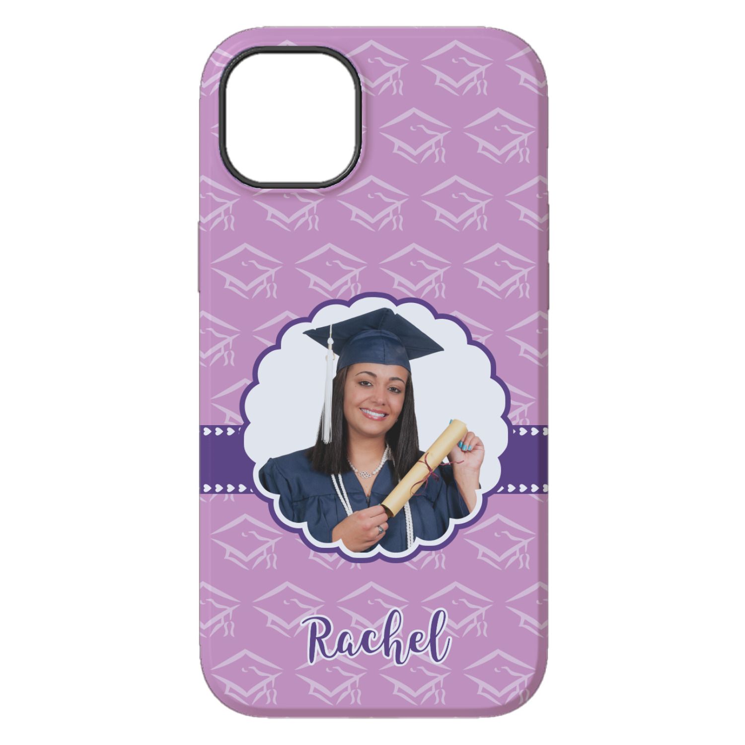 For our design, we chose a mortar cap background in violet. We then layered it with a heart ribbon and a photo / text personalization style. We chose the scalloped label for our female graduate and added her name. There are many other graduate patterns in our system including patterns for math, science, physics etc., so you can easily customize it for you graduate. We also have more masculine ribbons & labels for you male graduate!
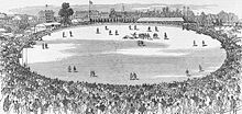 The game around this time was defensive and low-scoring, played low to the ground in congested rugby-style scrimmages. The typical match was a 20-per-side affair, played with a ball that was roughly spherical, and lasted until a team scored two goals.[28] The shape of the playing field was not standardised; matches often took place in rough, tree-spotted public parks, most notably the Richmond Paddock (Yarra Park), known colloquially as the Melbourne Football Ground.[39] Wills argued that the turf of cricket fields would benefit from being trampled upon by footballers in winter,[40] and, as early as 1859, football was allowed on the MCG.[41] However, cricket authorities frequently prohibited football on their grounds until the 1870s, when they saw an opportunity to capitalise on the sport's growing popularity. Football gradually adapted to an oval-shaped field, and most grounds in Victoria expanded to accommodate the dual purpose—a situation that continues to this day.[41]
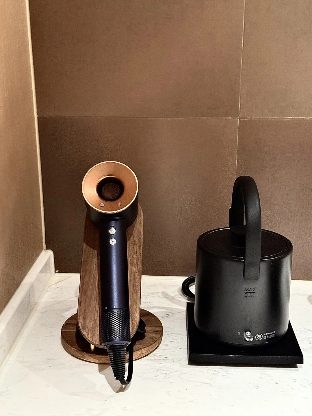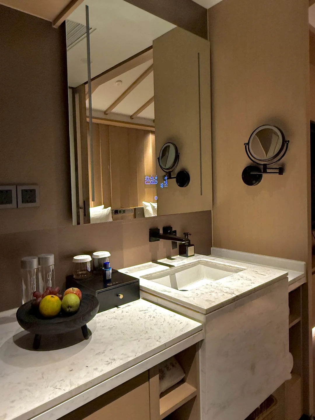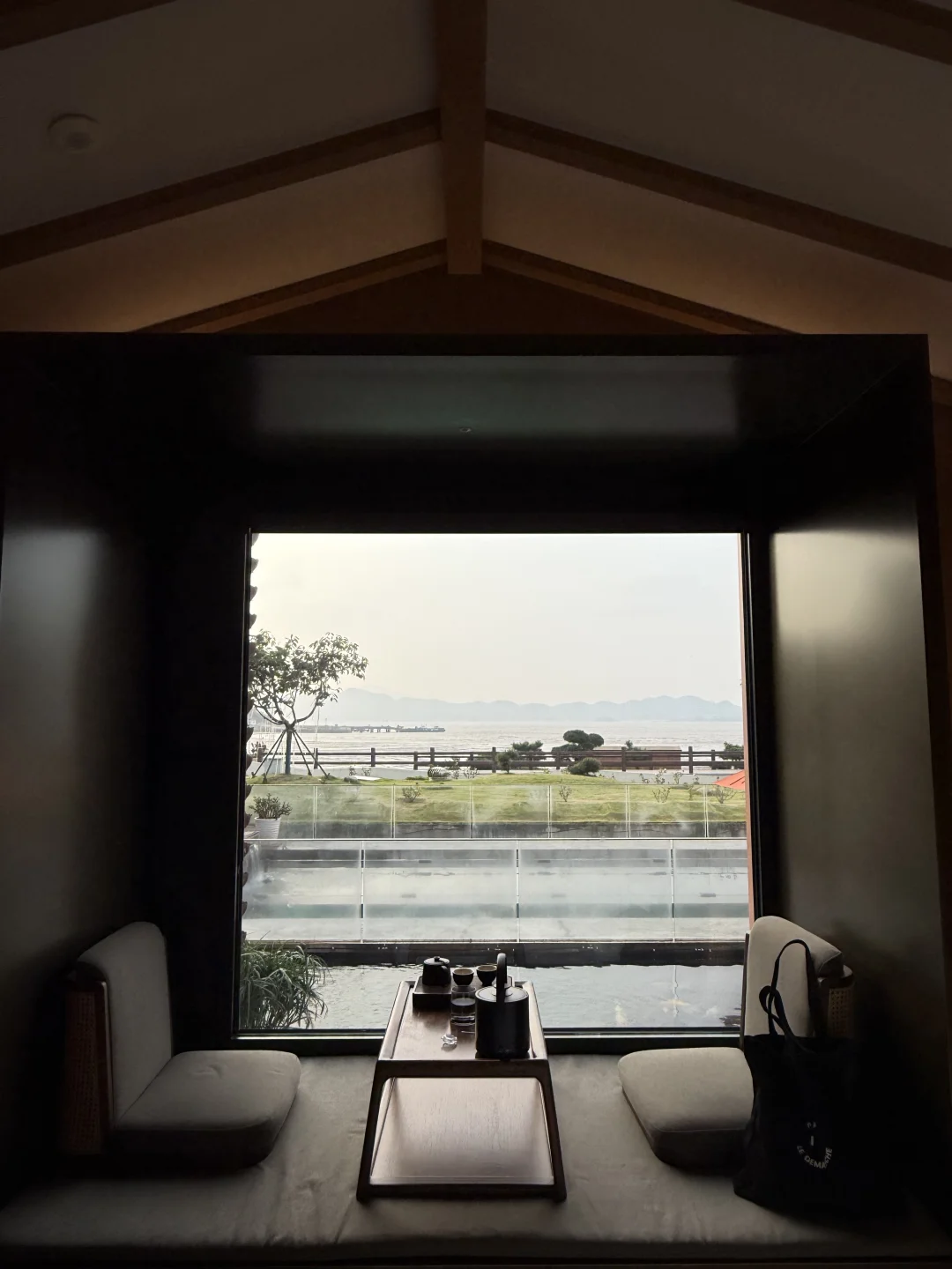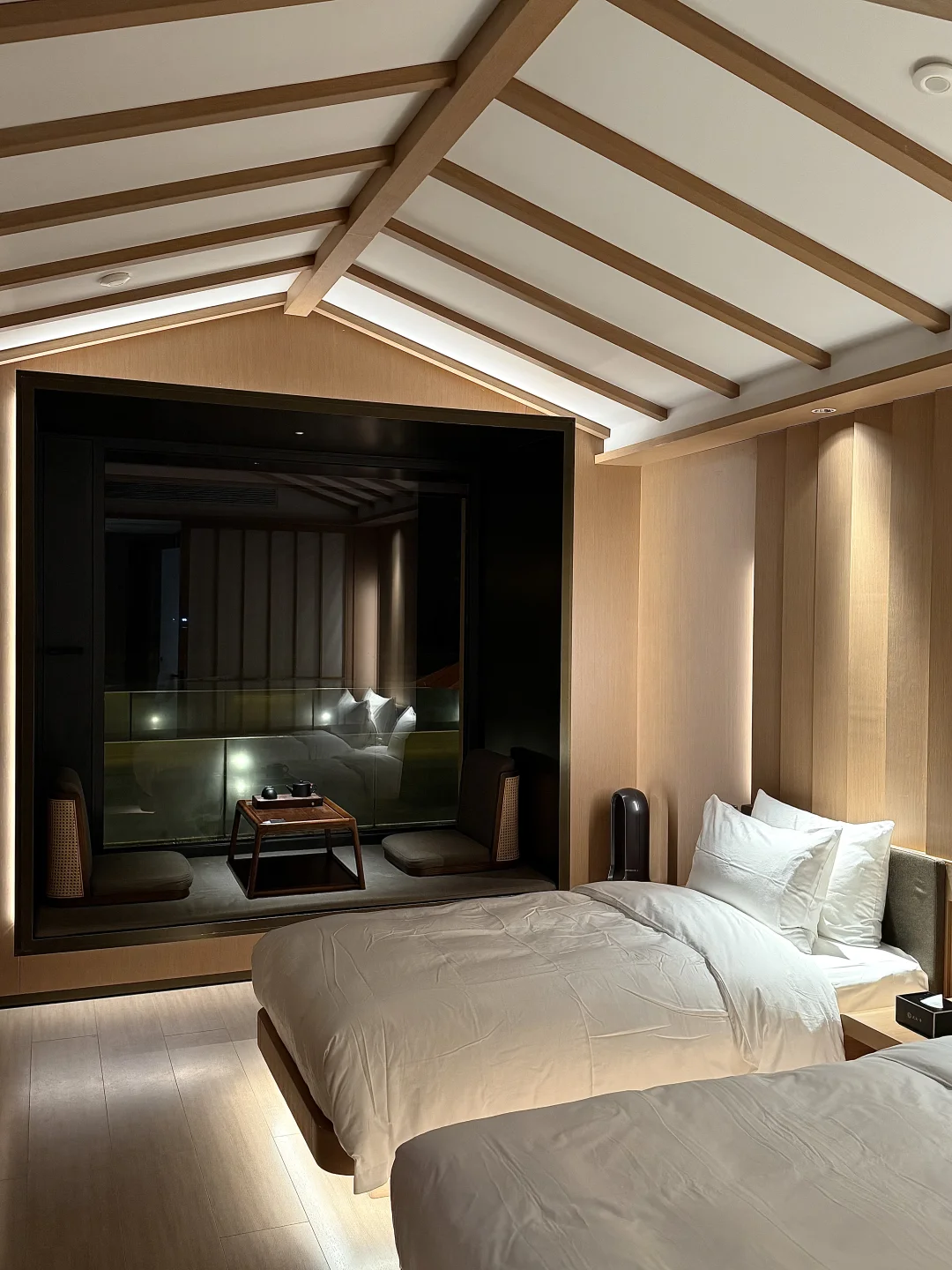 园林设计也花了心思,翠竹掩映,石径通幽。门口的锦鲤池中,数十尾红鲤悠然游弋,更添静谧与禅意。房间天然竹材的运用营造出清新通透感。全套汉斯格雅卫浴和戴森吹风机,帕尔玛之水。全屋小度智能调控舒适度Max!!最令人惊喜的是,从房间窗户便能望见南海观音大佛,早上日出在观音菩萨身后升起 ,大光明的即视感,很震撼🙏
-=-=-
** Goal of the exercise **
Pictures are to be omitted; otherwise, write out the data exactly as it appears.

** Output of the exercise **
 For our design, we chose a mortar cap background in violet. We then layered it with a heart ribbon and a photo / text personalization style. We chose the scalloped label for our female graduate and added her name. There are many other graduate patterns in our system including patterns for math, science, physics etc., so you can easily customize it for you graduate. We also have more masculine ribbons & labels for you male graduate!
 The game around this time was defensive and low-scoring, played low to the ground in congested rugby-style scrimmages. The typical match was a 20-per-side affair, played with a ball that was roughly spherical, and lasted until a team scored two goals.[28] The shape of the playing field was not standardised; matches often took place in rough, tree-spotted public parks, most notably the Richmond Paddock (Yarra Park), known colloquially as the Melbourne Football Ground.[39] Wills argued that the turf of cricket fields would benefit from being trampled upon by footballers in winter,[40] and, as early as 1859, football was allowed on the MCG.[41] However, cricket authorities frequently prohibited football on their grounds until the 1870s, when they saw an opportunity to capitalise on the sport's growing popularity. Football gradually adapted to an oval-shaped field, and most grounds in Victoria expanded to accommodate the dual purpose—a situation that continues to this day.[41]
 园林设计也花了心思,翠竹掩映,石径通幽。门口的锦鲤池中,数十尾红鲤悠然游弋,更添静谧与禅意。房间天然竹材的运用营造出清新通透感。全套汉斯格雅卫浴和戴森吹风机,帕尔玛之水。全屋小度智能调控舒适度Max!!最令人惊喜的是,从房间窗户便能望见南海观音大佛,早上日出在观音菩萨身后升起 ,大光明的即视感,很震撼🙏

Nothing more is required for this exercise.